Government rejects bids by investors eyeing full gains from bonds


INVESTORS sought to acquire full gains—“arm and leg,” the National Treasurer said—from longer-tenor government-backed securities, reflecting concerns on wobbly inflation curves. But the Bureau of the Treasury (BTr) rejected submitted bids for reissued 10-year Treasury Bonds (T-bonds) as rates soared.

“Full rejection; submitted rates like an arm and a leg,” National Treasurer Rosalia V. De Leon told reporters.

De Leon said the rates shot up on lingering inflation concerns as well as anticipated action by the US Federal Reserve.

The auction attracted total bids of P34.1 billion.

If the Treasury fully awarded the tenor, bid rates would have averaged 4.883 percent, surging by a whopping 169.8-basis point (bps) from the previous auction rate of 3.185 percent.

This would have also been higher by 84.6 bps from 4.037 percent secondary-market benchmark rate for the security, based on the PHP Bloomberg Valuation Service (BVAL) reference rate.
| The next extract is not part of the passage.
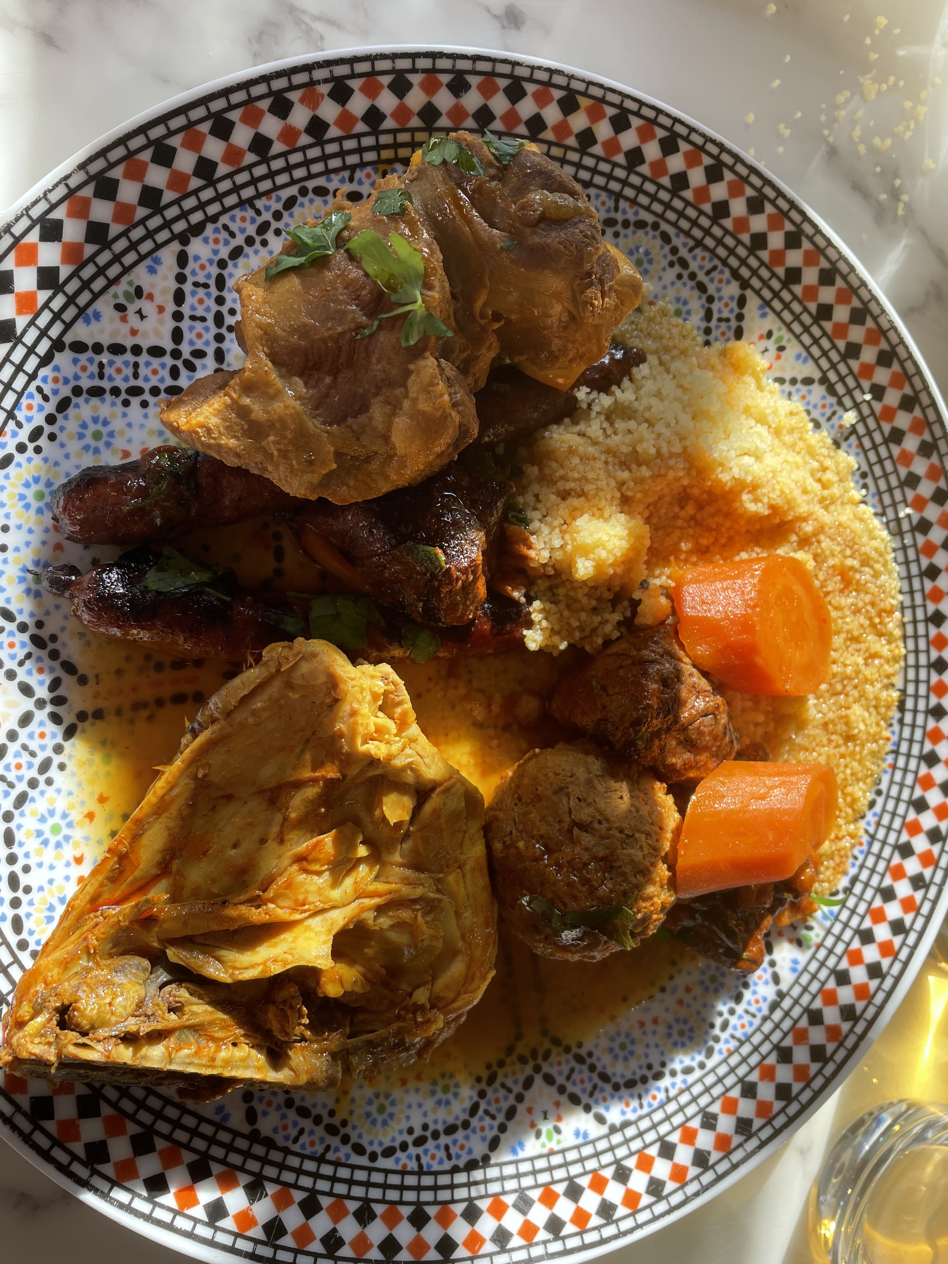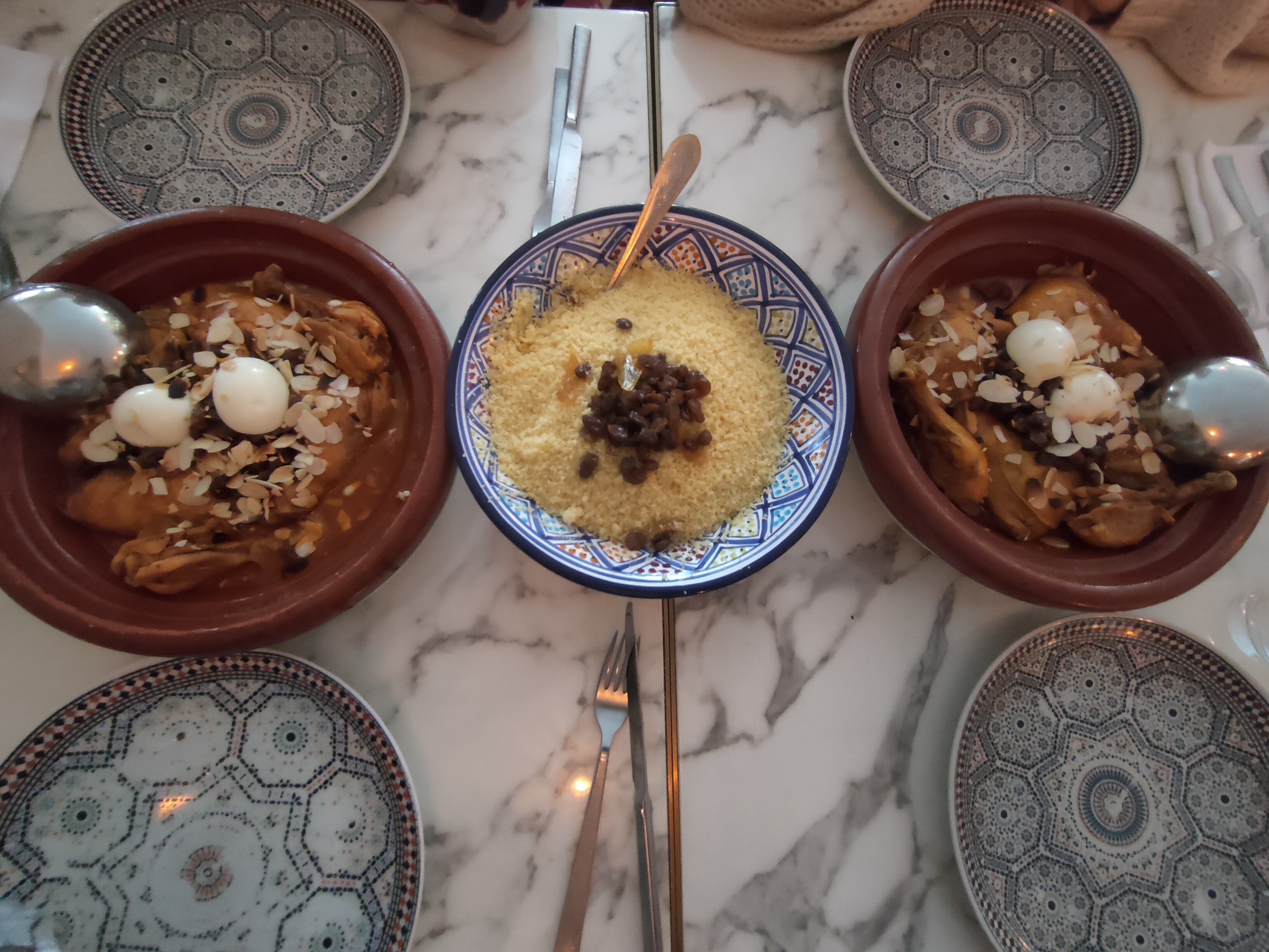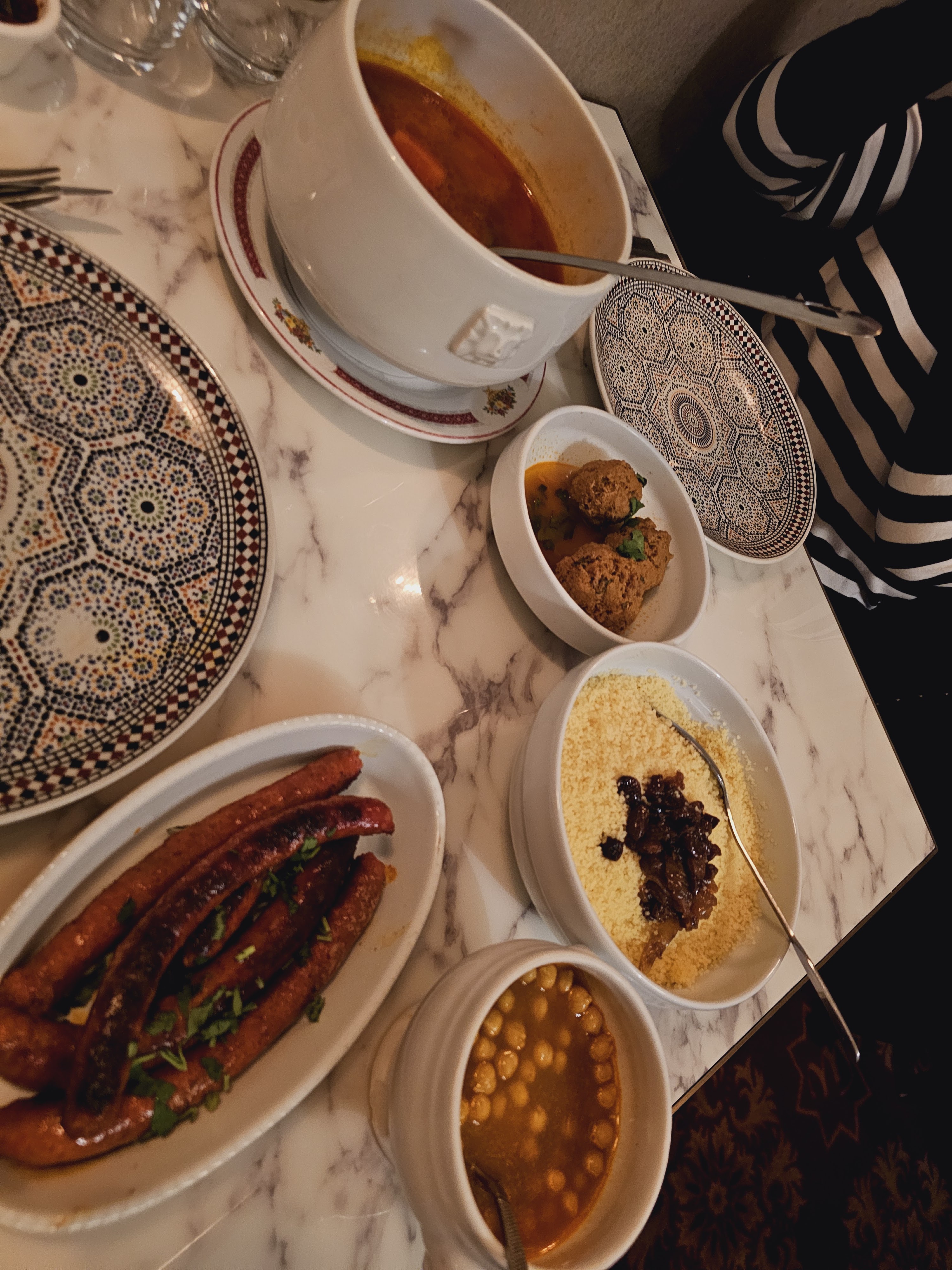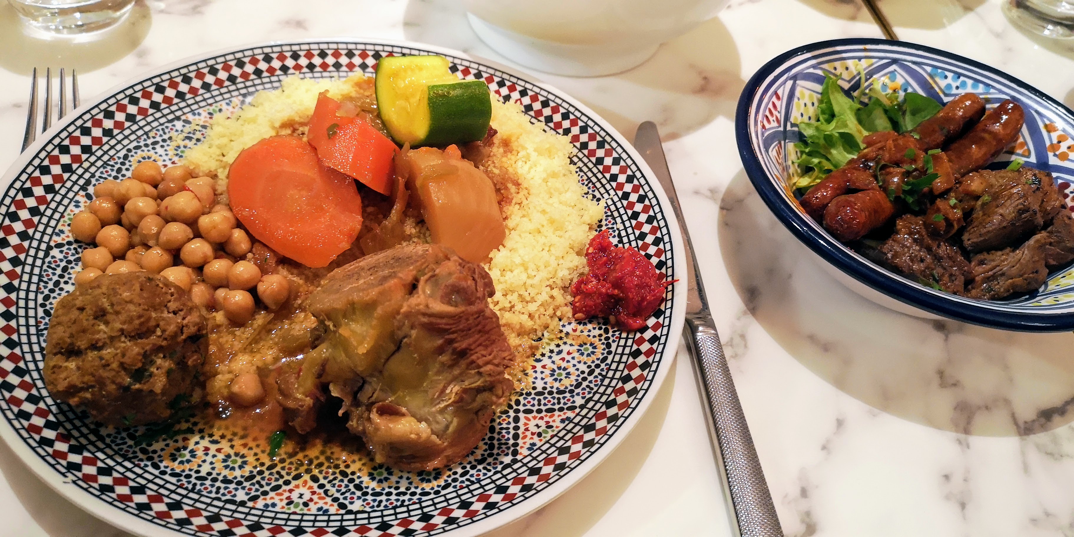 La déco est vraiment superbe, faite avec goût et sobriété, on s'y sent tout de suite bien. Jusqu'à ce que le serveur avec son sourire faux et ses blagues à deux balles vienne prendre la commande. Le couscous royal est impressionnant avec tous ces petits plats. Par contre la viande est dure et les merguez pas bonnes. Ça sent la viande achetée au rabais !

When compared to the BVAL rate for a 6-year tenor of 4.1688 percent, this would have also been up by 71.5 basis points.

With a remaining life of five years and six months, the tenor is set to mature on May 4, 2027.

While higher rates reflect investor confidence on economic recovery beyond the Duterte administration, these also mean investors expect rising inflation.

De Leon reminded investors on the statement by Bangko Sentral ng Pilipinas (BSP) Governor Benjamin E. Diokno that elevated inflation is “transitory.”

She added that Diokno’s “statement that [it is] still early to lift rates should assure the market.”

But should elevated inflation persist, De Leon assured the public that the government has sufficient funds backing its debt papers.

“We have strong cash position supported by improving revenue collection and expected ODA [official development assistance] inflows,” she said.

Inflation eased to 4.8 percent in September, slightly lower than 4.9 percent in August. While it is within the range of BSP’s projection for the September inflation of 4.8 percent to 5.6 percent, this exceeded the government’s 2-to-4 percent target.

De Leon earlier said they expect investors would seek higher rates given that the BSP sees inflation this year averaging beyond its target at 4.4 percent.

The Treasury aims to raise P200 billion from the local debt market before the clock ticks to All Saints Day. It’s part of the Treasury’s role in helping the national government achieve its programmed borrowing for this year of P3.1-trillion. Much of that amount is being raised through domestic sources.

The government borrows to meet its spending requirements as well as to finance its budget deficit—when it’s spending more than it is earning.

As of end-August this year, the national government’s outstanding debt has hit a new record-high of P11.64 trillion, up by more than a fifth from P9.62 trillion a year ago.